Kan dit gevolgen hebben voor de personeelsleden die op dit complex komen te werken?
Antwoord:
Deze overschrijdingen zijn niet wenselijk, maar conform het “Toepasbaarheidsbeginsel” wel aanvaardbaar, omdat conform de Regeling beoordeling luchtkwaliteit 2007 toetsing alleen hoeft plaats te
vinden op plaatsen waar sprake is van relevante blootstelling (in dit geval plekken waar dag en nacht
mensen verblijven/ woningen). Het is inderdaad aan te nemen, dat bij de te realiseren bioscoop zich
dicht bij de A20 soortgelijke immissies voordoen. Dit zal net als bij het Lentiz College echter geen
gevolgen hebben voor de personeelsleden als er ook hier zorg voor gedragen wordt, dat dicht bij de
A20 (aan de noordzijde van de gevel) geen sprake is van relevante blootstelling.
Pagina 2 van 3
3. Pag. 12
Er is nu gemeten rondom de Oranjestraat. Er is al het voornemen verkeersmaatregelen te nemen op
deze locatie. Dit rapport kan hiervoor een ondersteuning zijn. Zijn er plannen om soortgelijke metingen op andere drukke locaties te verrichten?
Zo ja, waar?
Antwoord:
Langs de Oranjestraat is gemeten, omdat daar de problematiek het grootste is. Als uit de berekeningen
of metingen blijkt, dat soortgelijke condities zich ook op andere locaties voordoen kunnen daar ook
metingen uitgevoerd worden.

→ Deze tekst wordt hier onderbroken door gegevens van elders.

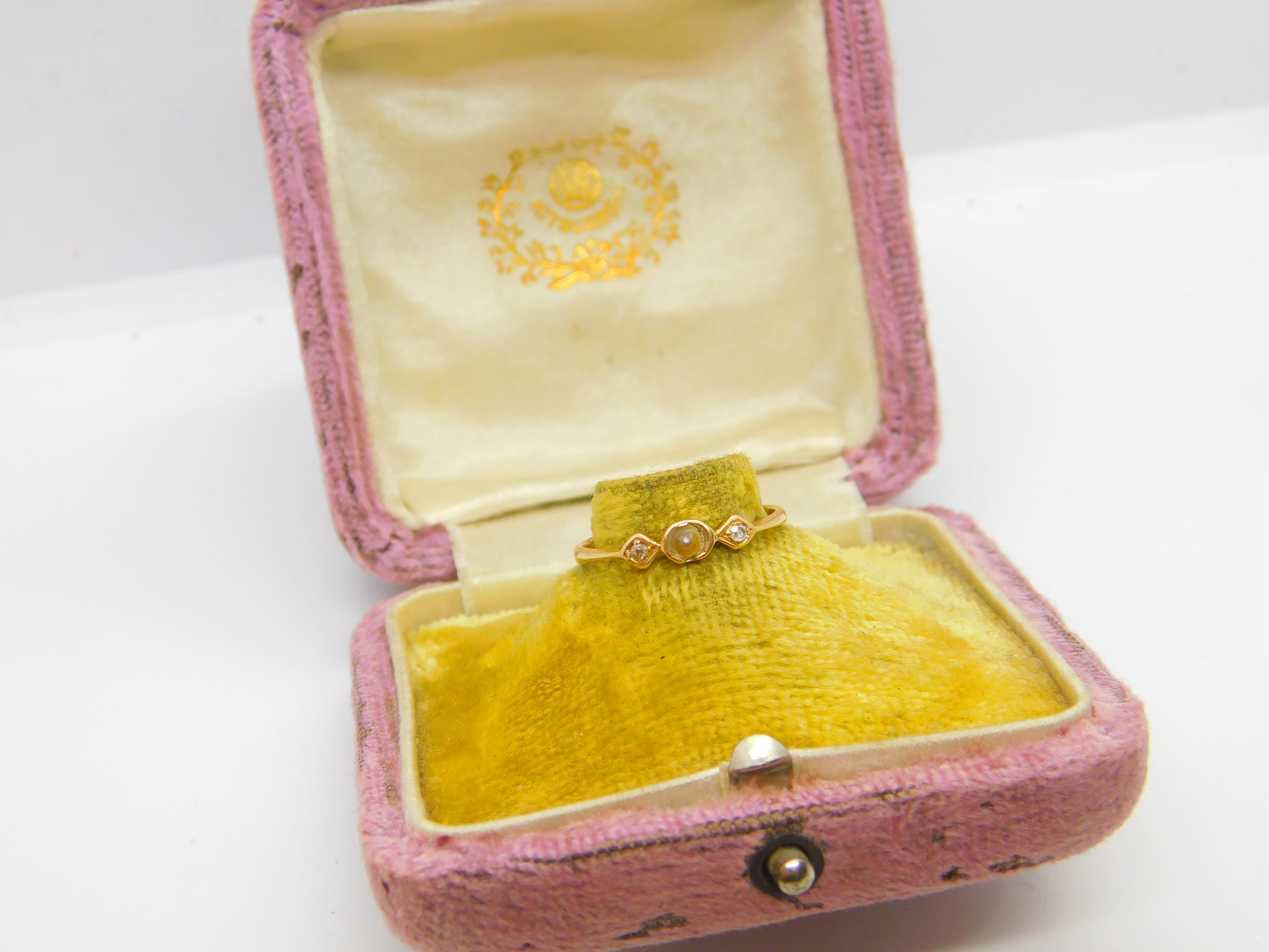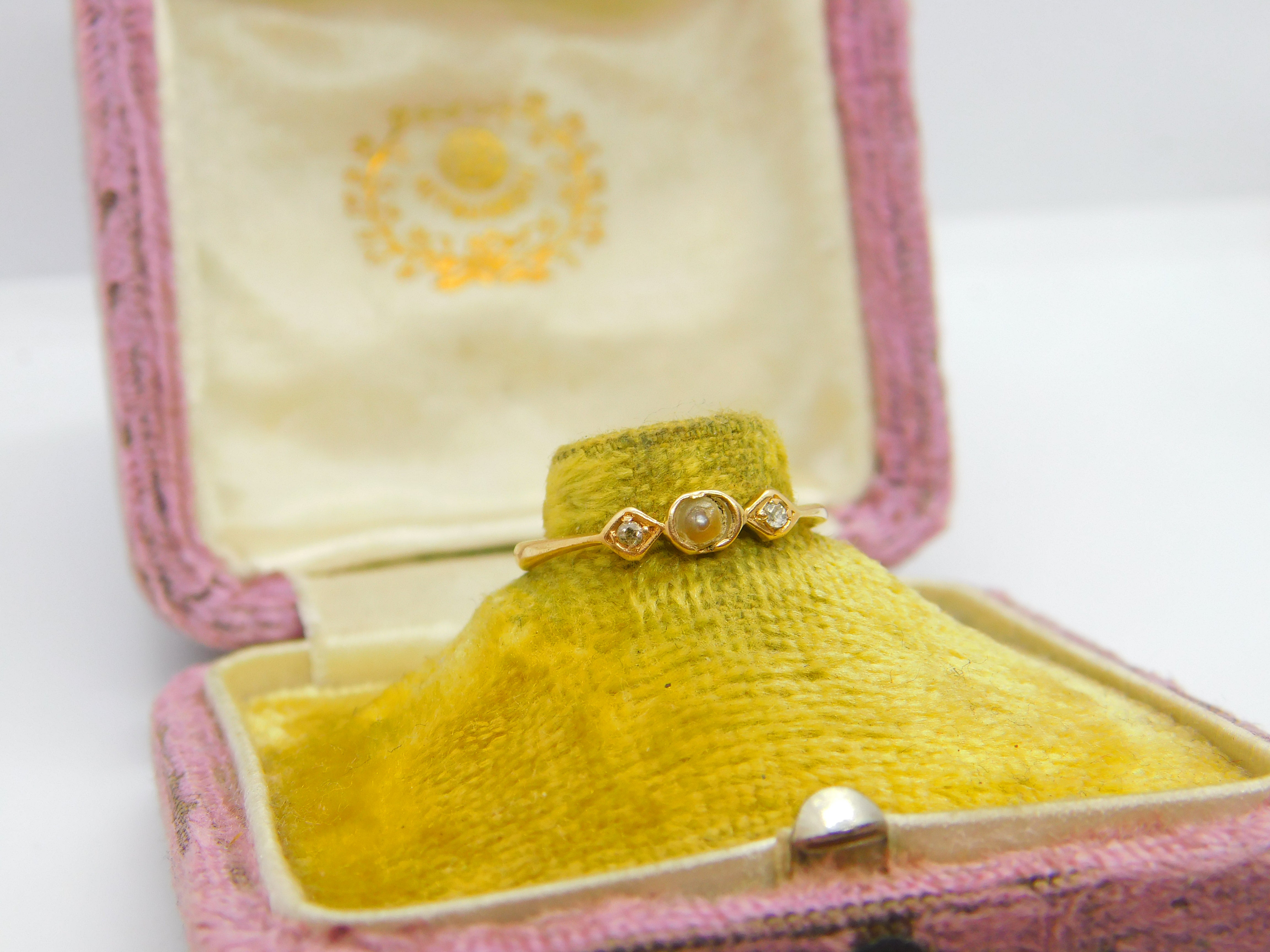 Details: A fantastic and wonderfully designed antique Victorian 18ct yellow gold small diamond & pearl set mourning ring with faint engraved name to the reverse c1880. The gold has been XRF tested. This is a wonderful item that would make a perfect gift or addition to any collection. The BOX pictured is for PRESENTATION ONLY and is NOT included in the listings but used to frame the pictures unless specifically stated otherwise.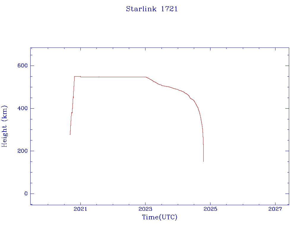 | Starlink 1721 | S46332 | M | 2020 Sep 3 | 2022 Dec 29 | 2024 Oct 15 |  |  |  |

De prioriteit ligt op dit moment bij de uitvoering van het Actieplan
Luchtkwaliteit.
16 Inventariseren insprekers
Mevrouw H. Hagen spreekt in bij punt 18 (Aanpak verkeersknooppunt Vijfsluizen).
19 Bestuurlijke overeenkomst Hoekse Lijn deel II
- Vraag van de fractie van D66
In de collegebrief van 22 oktober 2014 over de bestuurlijke overeenkomst Hoekse Lijn staat op pagina 2 de voorlaatste alinea de zin: “Uw raad bij de behandeling van de zomernota 2013 besloten € 1,0
miljoen te reserveren voor de inrichting van de buitenruimte; op dit moment is nog niet zeker of dit
voldoende is.”
Wat wordt bedoeld met “op dit moment is nog niet zeker of dit voldoende is.”?
Antwoord:
Uitvoering van het project Hoekselijn zal naar verwachting in 2017 een aantal gevolgen met zich mee
brengen voor de gemeente Schiedam. De exacte consequenties voor Schiedam worden in 2014/ 2015
in beeld gebracht en zullen in 2015 middels een projectplan (waarin het benodigde projectbudget is
opgenomen) worden voorgelegd. Eén van de belangrijkste gevolgen is bijvoorbeeld het herinrichten
van een deel van de buitenruimte o.a. bij het nieuwe Station Nieuwland. In de zomernota 2013 is voor
het project Hoekselijn reeds een budget ter beschikking gesteld van € 1,0 mln. in 2016/2017 op basis
van de toen afgegeven ruwe eerste begroting. In 2015 zal naar aanleiding van het projectplan (en de
projectbegroting daarin) worden bezien in hoeverre dit budget toereikend is. Een volledige en exacte
kostenraming kan nu nog niet worden gegeven.